By Treasurer David McRae
Most people learn what it takes to make money with their first job in high school and how easy it is to spend a dollar on their first grocery bill in college. But many don’t learn what it takes to save a dollar until they’re twenty or three decades into their career – and that’s a problem.
While more than half of Americans agree it’s important to start saving for retirement in their 20s, more than 50% haven’t started by age 34 and 42% haven’t started by age 44. As a result, America is entering a retirement crisis – a crisis where retirees rely on meager taxpayer-funded safety nets, rather than comfortable personal savings accounts and investments.
While it’s always a good time to start saving, there are huge benefits to starting when you’re young. A worker, for example, who begins to save at the start of his career will have 30 to 40 years to accumulate the wealth necessary for a comfortable retirement. Small monthly contributions can grow with interest, gradually creating a nest egg to draw upon in retirement.
However, those waiting until they are 40 or 50 only have a decade or two to earn interest and must contribute significantly more each month to reach their goals, often requiring them to extend their working years and delay their retirement. The math makes sense, so why not start saving earlier? The answer is simple: why do today what we think we can delay!
Unfortunately, few can afford procrastination. So, let’s start today. Experts say that if you start young, setting aside just 10% of your monthly salary will position you well for a comfortable retirement.
Where should this money go? Here are some ideas recommended by financial experts:
If your employer offers a 401k, take advantage of it. If they offer a match, maximize it to ensure you double your money every time you contribute.

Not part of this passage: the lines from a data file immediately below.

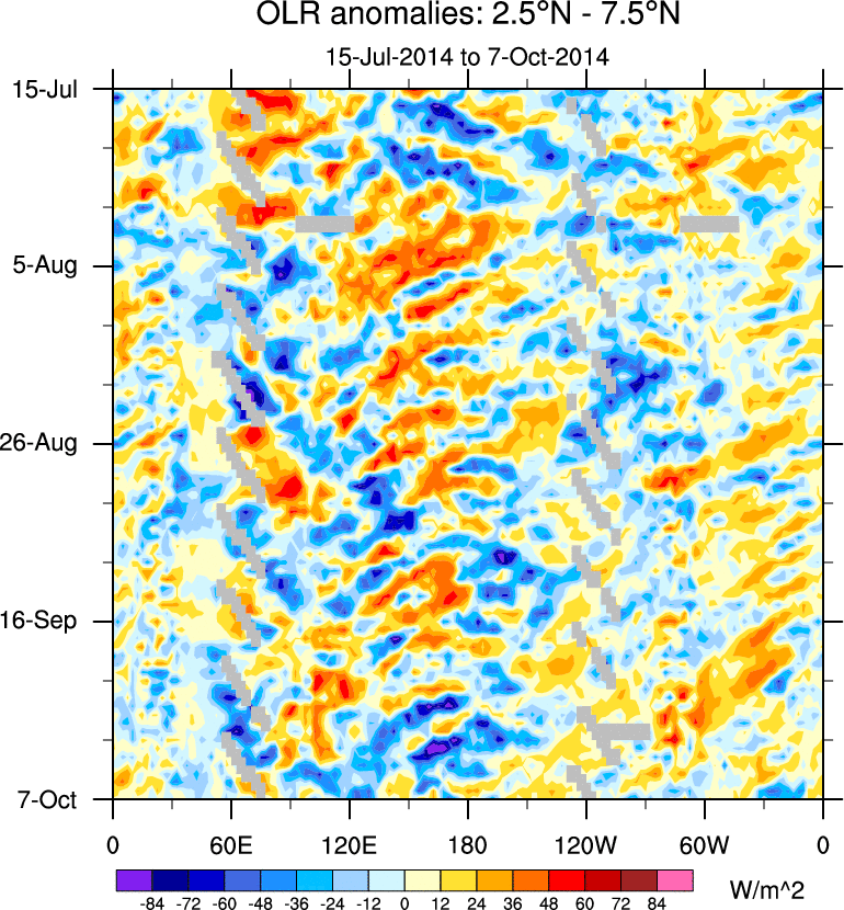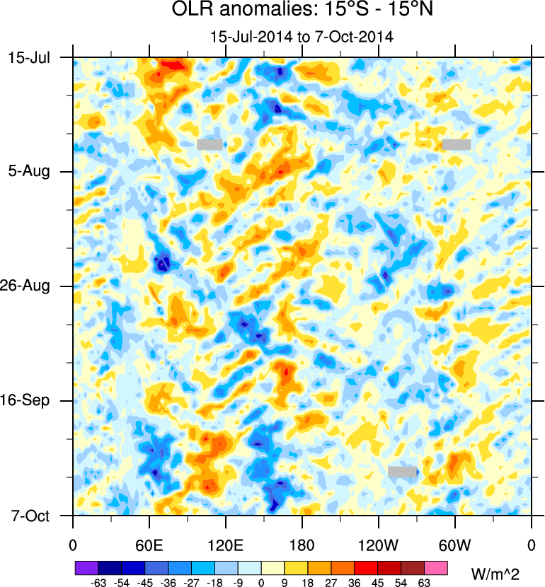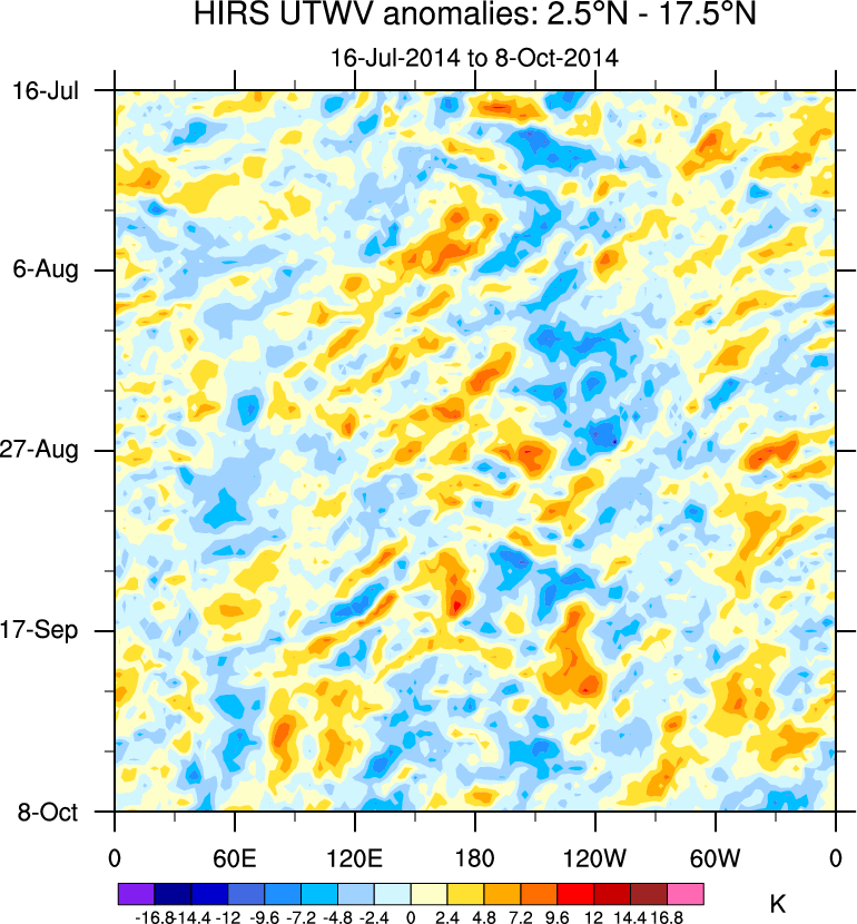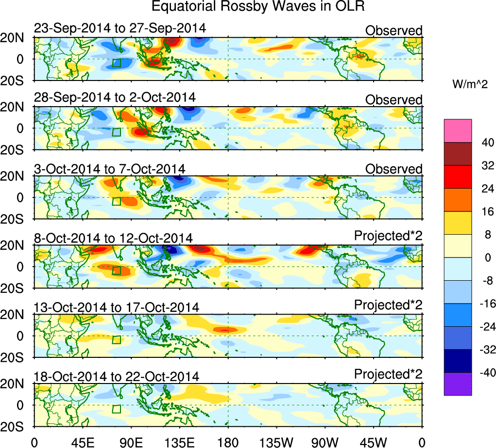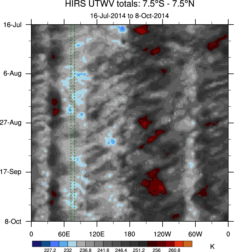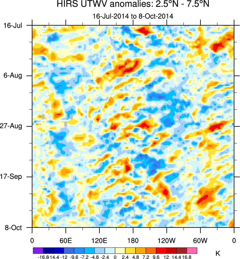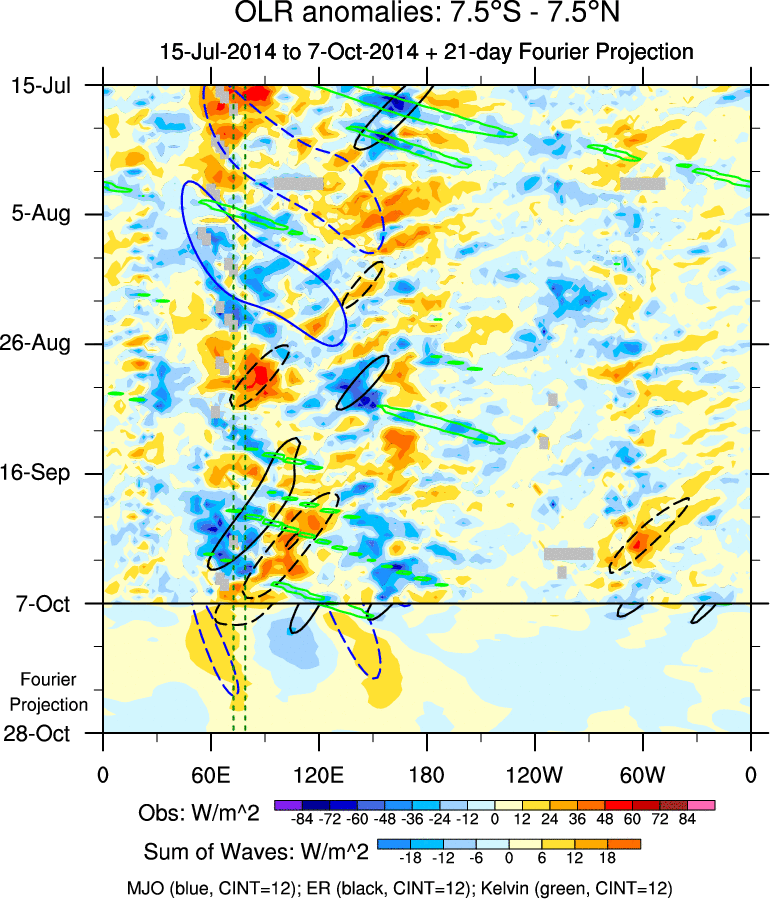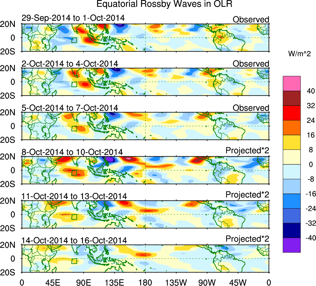 To identify tropical waves in near real-time, the OLR and UTWV data are filtered following Wheeler & Weickmann (2001 MWR). The daily anomalies are calculated using the first 3 harmonics of the seasonal cycle for 1979–2009. Missing values are then filled using linear interpolation in space and time. The most recent 365 days of anomalies are padded with 659 days of zeroes, and the result is filtered for each wave type.
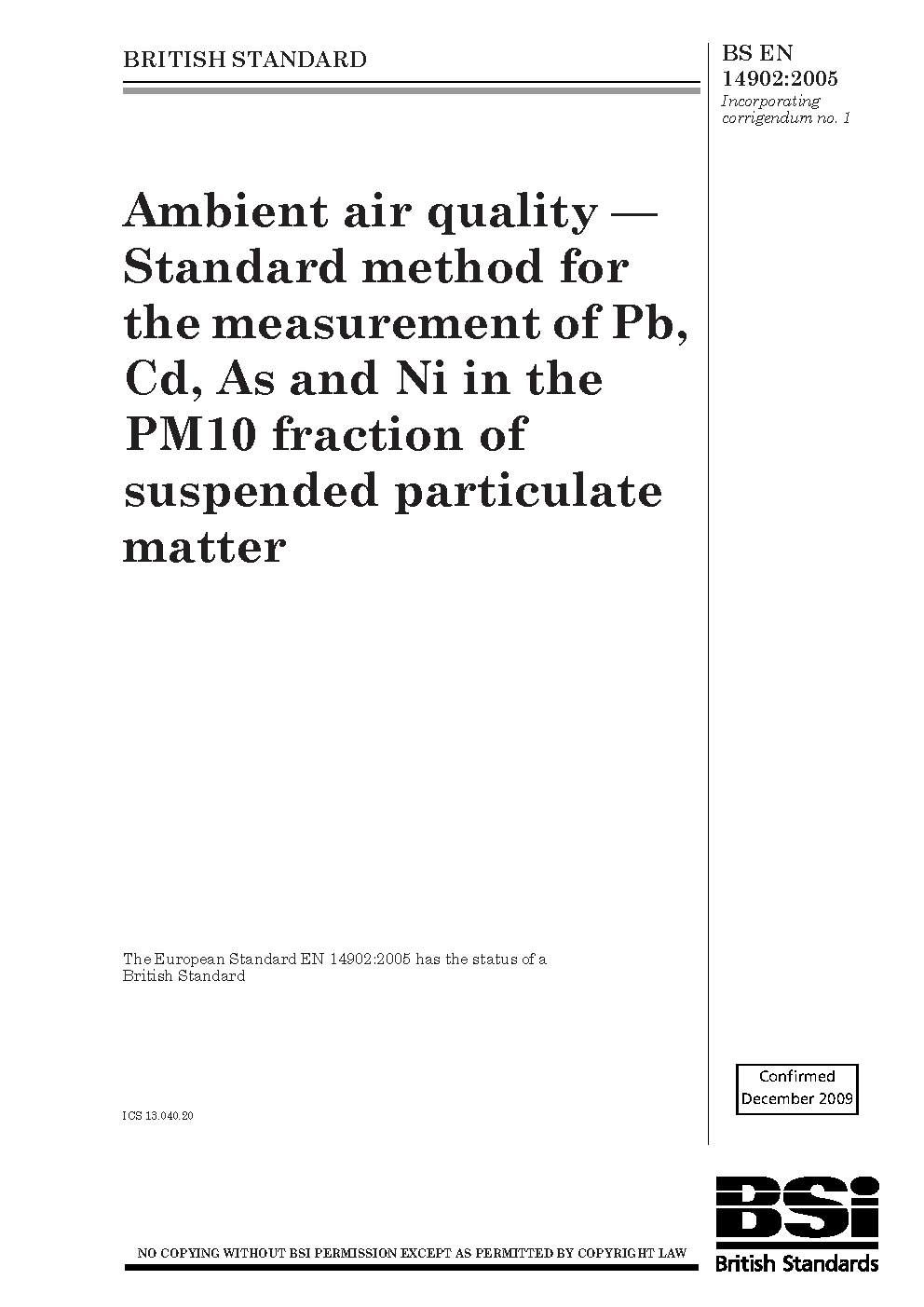 Ambient air quality. Standard method for the measurement of Pb, Cd, AS, and Ni in the PM 10 fraction of suspended particulate matter
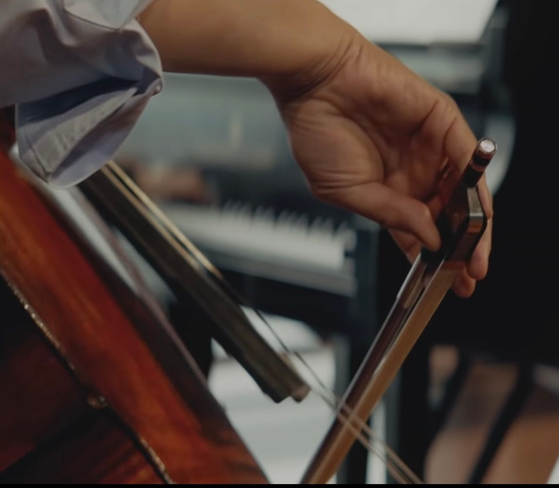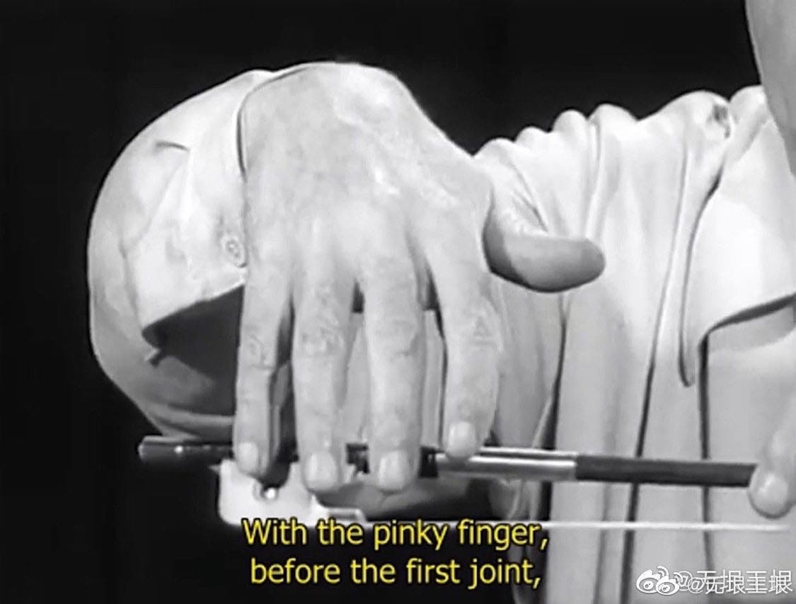 还有这个视频,能看见不论弓在什么位置,拇指都是伸直的,稳稳地按着琴弓。
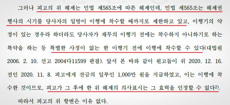 법원은 피고(매도인)의 해제는 민법 제565조에 따른 해제이고, 위 해제권은 당사자의 일방이 이행에 착수할 때까지로 제한되고 있다고 하면서, 원고(매수인)가 이미 잔금의 일부인 1.000만 원을 지급하였는바, 피고(매도인)의 해제는 그 효력을 인정할 수 없다고 판결하였습니다.
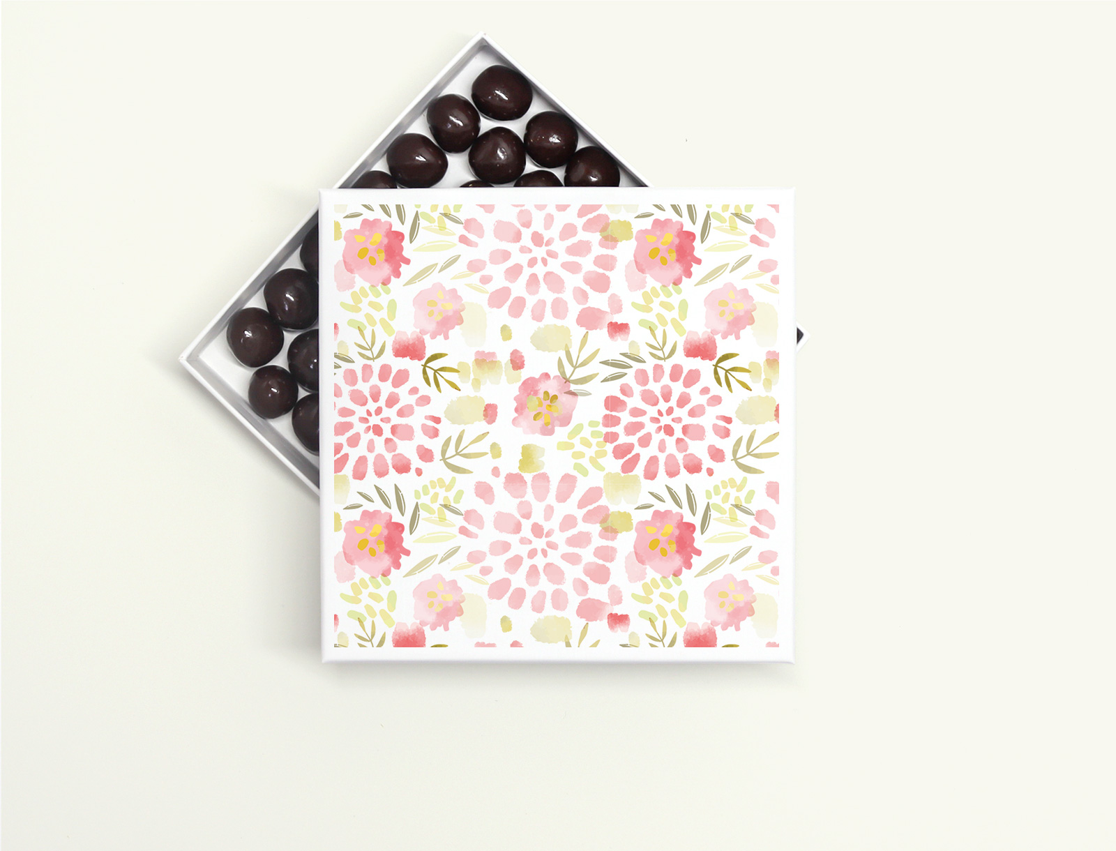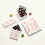 | Gourmandise | Noisettes lait or et noires, Coeurs céréales nacrés rouge, Chocolat praliné lait, Nougat amande |
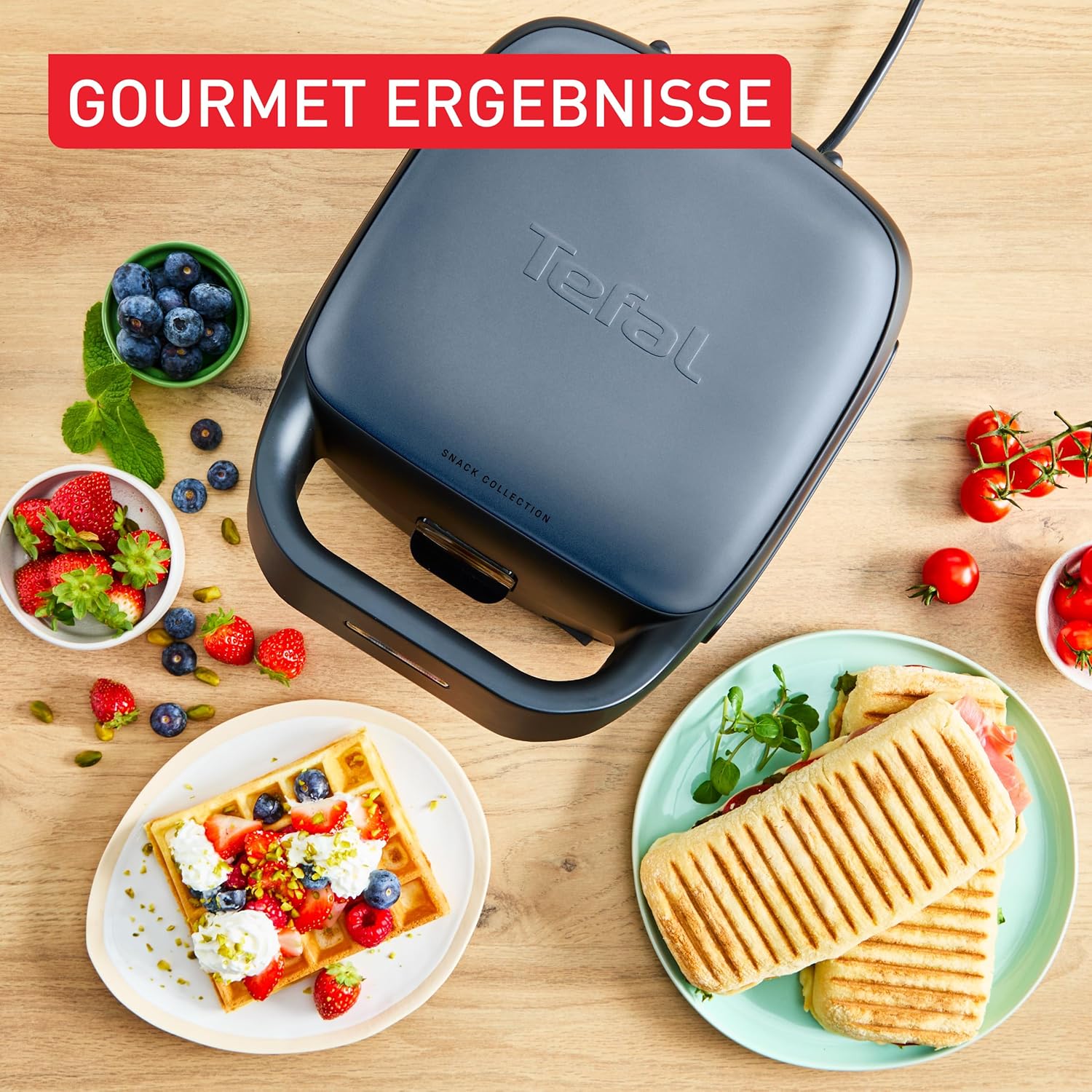 Tefal Snack Collection SW8674F0 700W Уред за сандвичи и гофрети, 2 комплекта подвижни чинии, незалепващо покритие, спестяващ място, включва книги с рецепти, черно/синьо
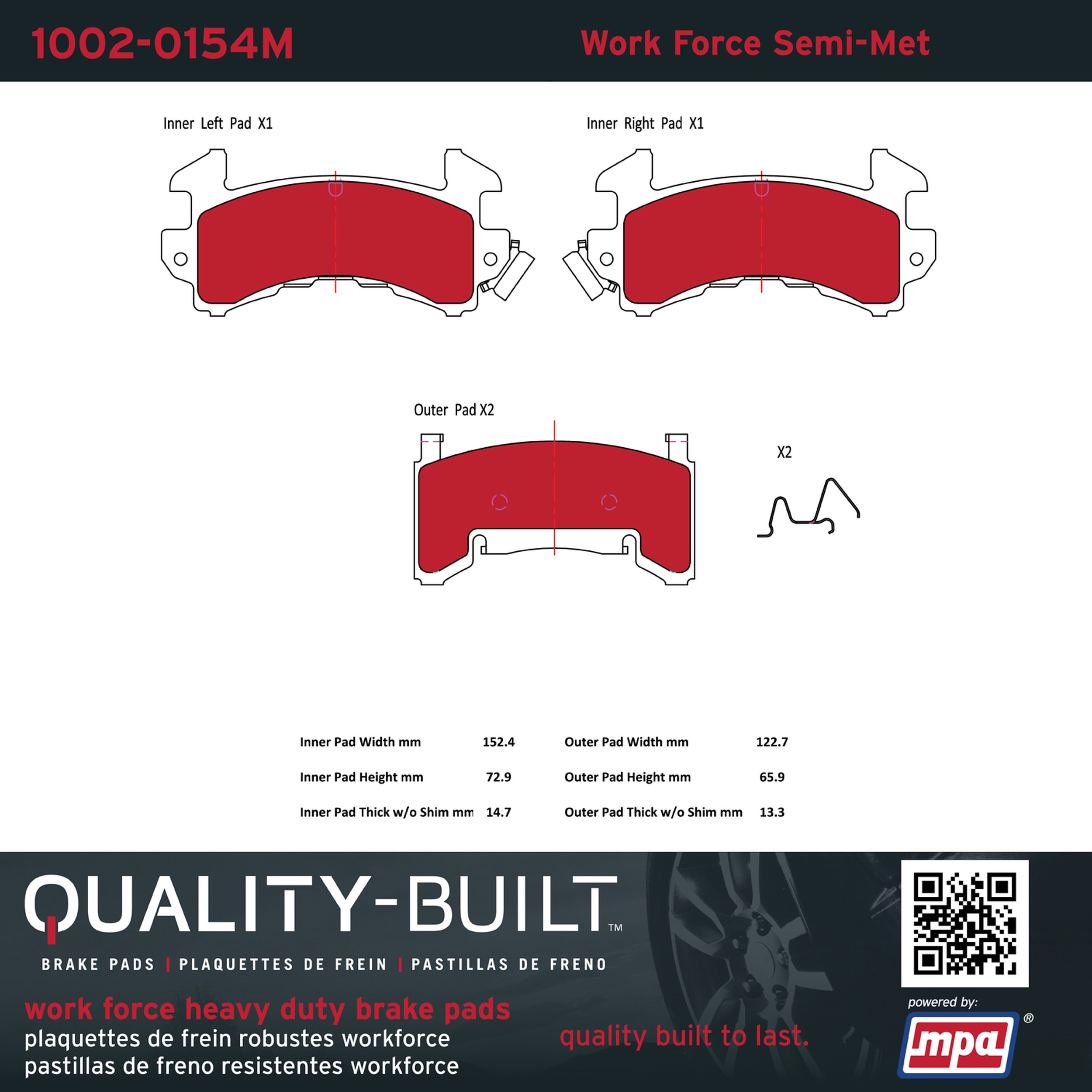 - Hardworking vehicles need hardworking brake pads, and Quality-Built Work force brake pads deliver every time. Specially formulated friction compounds are designed for high heat, heavy-duty use, where repeat stop situations, off-road driving, or towing push brake pads to the limits. Work force brake pads are an excellent choice for fleet use where extended service life and maximum durability are required.

If you own your own business or your employer doesn’t offer benefits, consider options for saving separately. For example, you can put up to $6,000 a year in an IRA (more if you’re nearing retirement). The money you contribute can often be used as a deduction to reduce tax payable next year.
Look at other ways your money can also work for you. A health savings account can help pay for expenses that your health insurance doesn’t cover. Most contributions are also tax deductible. You can also consider a college savings account with the Treasury (visit Treasury.MS.gov/CollegeSavings to learn more). These tax-advantaged accounts can help alleviate or eliminate your child’s student loan debt, ensuring they start their career on a solid financial footing.
When retirement is out of sight, it can be easy to forget about it, too. Take a moment this week to reflect on your savings stance. If you find you’re in good shape, spend some time talking with your kids or grandkids about their savings. We have a responsibility to the next generation to have this discussion. I’ve posted tools on Treasury.MS.gov/FinancialEducation to help you create a budget and start your savings journey.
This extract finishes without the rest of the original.